2.1 PCA method introduction

Principal Component Analysis (PCA) is a statistical method for downscaling high-dimensional data to a lower dimensional space by linear transformation while preserving as much variance information as possible in the data. It uses the eigenvalue decomposition of the covariance matrix to extract the principal components so that the new variables after dimensionality reduction are linear combinations of the original variables and that these new variables are uncorrelated [1].
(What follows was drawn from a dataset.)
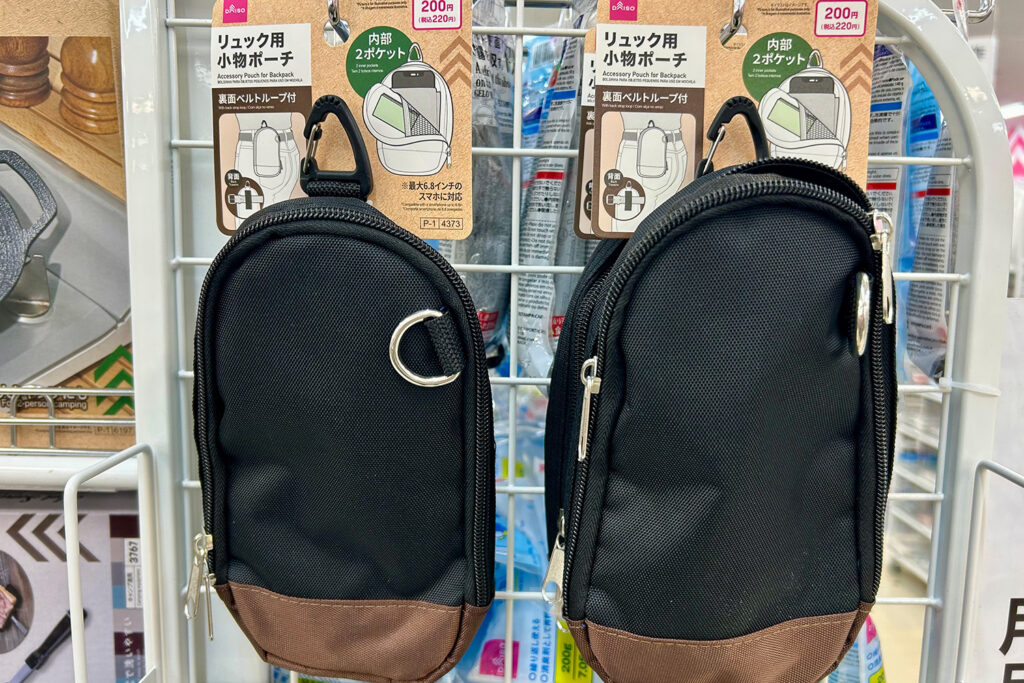キャンプの調理で調味料を軽量したり、ソースを入れておくなど、便利に使える「ミニステンレスシェラカップ2個」(税込110円)もオススメです。呑んべいの筆者はウイスキーでハイボールやカクテルを作る時に軽量カップの代わりとして使っており意外と使えるミニカップです。その他、「リュック用小物ポーチ」(税込220円)は携帯やライターなど、ちょっとした物をキャンプ時に入れておくと便利です。

2.2 Logistic Regression introduction

Logistic regression is a statistical model for binary classification problems that predicts the probability of an input sample belonging to a particular category by learning the relationship between input features and output labels. It transforms linear combinations of input features into probabilities using a Sigmoid function and optimizes the model parameters by minimizing a log-loss function [2].

For Sigmoid function, we use this:

\( σ(z)=\frac{1}{1+e^{-z}} \) (1)

2.3 PCA in machine learning

Principal Component Analysis (PCA) in machine learning reduces the complexity of the data by reducing dimensionality, removing noise and redundant information, and thus improving the training efficiency and performance of the model.PCA helps in feature selection, reduces the risk of overfitting, improves data visualization, and enhances the performance of algorithms on high-dimensional data. Its core steps include data centering, calculation of covariance matrix, eigenvalue decomposition and data projection into principal component space [3].

2.4 A comparative study of model efficiency and accuracy

For this research, we use the F1 score to analysis the efficiency and accuracy of the model.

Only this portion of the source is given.